The function finalizes the report processing by updating the report status in the database, creating a new queue entry for potential downstream processing, and removing the original queue entry to prevent duplicate processing.

6. Error Handling and Resilience

The function implements several resilience patterns:

  1. Retry mechanisms for critical operations like report generation and email sending
  2. Error logging for better diagnostics
  3. Graceful failure for non-critical components
  4. Memory usage tracking to prevent resource exhaustion
flowchart TD
    A[Operation Start] --> B{Try Operation}
    B -->|Success| C[Continue Processing]
    B -->|Failure| D{Retry Count > 0?}
    D -->|Yes| E[Decrement Retry Count]
    E --> B
    D -->|No| F[Log Max Retries]
    F --> G[Throw Error]

7. Performance Considerations

7.1. Memory Management

const used = process.memoryUsage().heapUsed / 1024 / 1024;
console.log(`[INFO] Memory Used: ~${used.toFixed(0)} MB`);

The function tracks memory usage to ensure it stays within Cloud Function limits (2GB as specified in configuration).
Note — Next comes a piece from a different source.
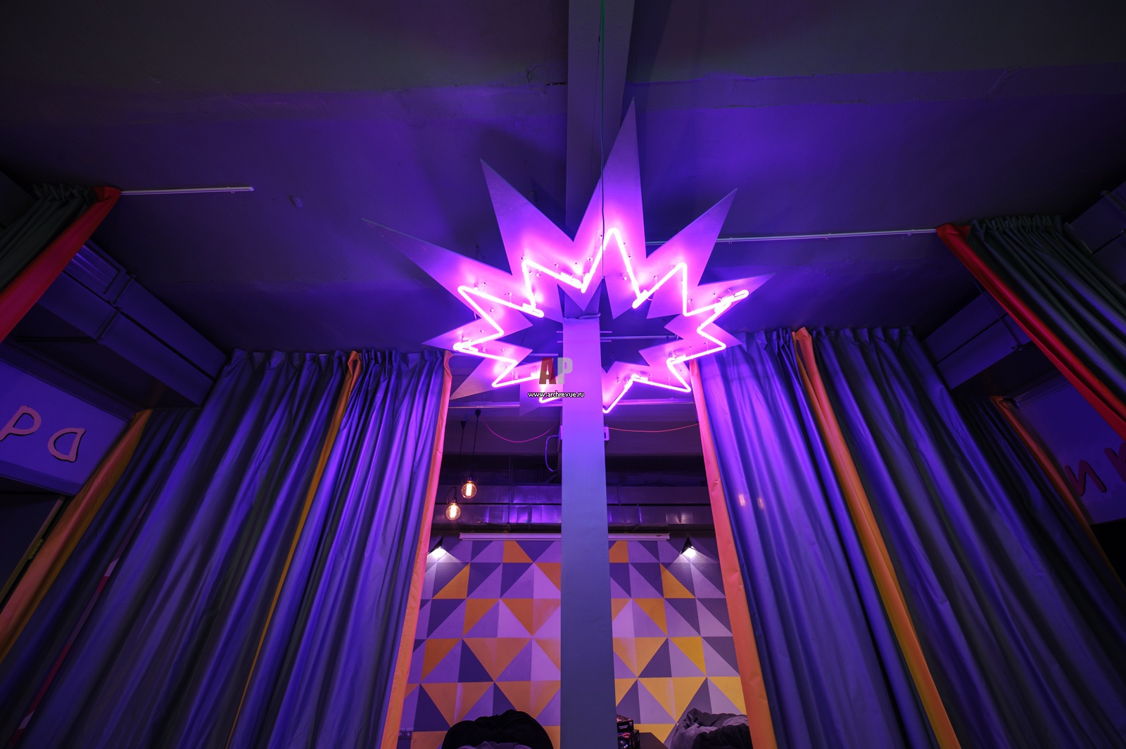 Конструктивные колонны основного зала оформлены коронами из неона.

7.2. Timeout Configuration

module.exports = functions
  .runWith({ memory: '2GB', timeoutSeconds: 540 })
  .database.instance(functions.config().env.FIREBASE_DATABASE_INSTANCE)
  .ref('/queue/reportCompleted/{queueKey}')
  .onCreate((snapshot, context) => reportQueueHandler(snapshot, context));

The function is configured with a 540-second timeout (9 minutes), allowing substantial processing time.

8. Data Flow Diagram

flowchart LR
    A[Mobile App] -->|Submit Report| B[Firebase DB]
    B -->|Trigger| C[reportQueueHandler]
    C -->|Fetch Data| D[MongoDB]
    C -->|Fetch Data| E[Firebase DB]
    C -->|Upload| F[Firebase Storage]
    C -->|Send| G[SendGrid Email]
    C -->|Notify| H[Push Notification]
    C -->|Message| I[WhatsApp API]
    C -->|Create| J[Attachment Gallery]
    C -->|Analyze| K[Vertex AI]
    C -->|Create| L[Issue Reports]

Integration Between API Reports System and Report Queue Handler

The integration between these two components forms a complete workflow:

  1. The API Reports System provides endpoints for user-facing operations (create, retrieve, update, delete reports)
  2. When a report is submitted via the API, a new entry is created in the Firebase queue
  3. This queue entry triggers the Report Queue Handler function
  4. The Report Queue Handler processes the report, generates PDFs/Excel files, and sends notifications
  5. The original report data in both MongoDB and Firebase is updated with processing results

This architecture enables asynchronous processing of reports, improving scalability and user experience by not blocking the API response while heavy processing occurs.

Conclusion

The Reports Backend is a comprehensive system that manages the entire report lifecycle:

  1. Creation & Management: Handled by the API Reports System with clean architecture
  2. Processing & Distribution: Managed by the Report Queue Handler with resilient processing
  3. Storage & Retrieval: Dual-database approach with MongoDB and Firebase

Together, these components provide a robust foundation for the reporting features of the Nimbly application, balancing immediate user interactions with asynchronous background processing.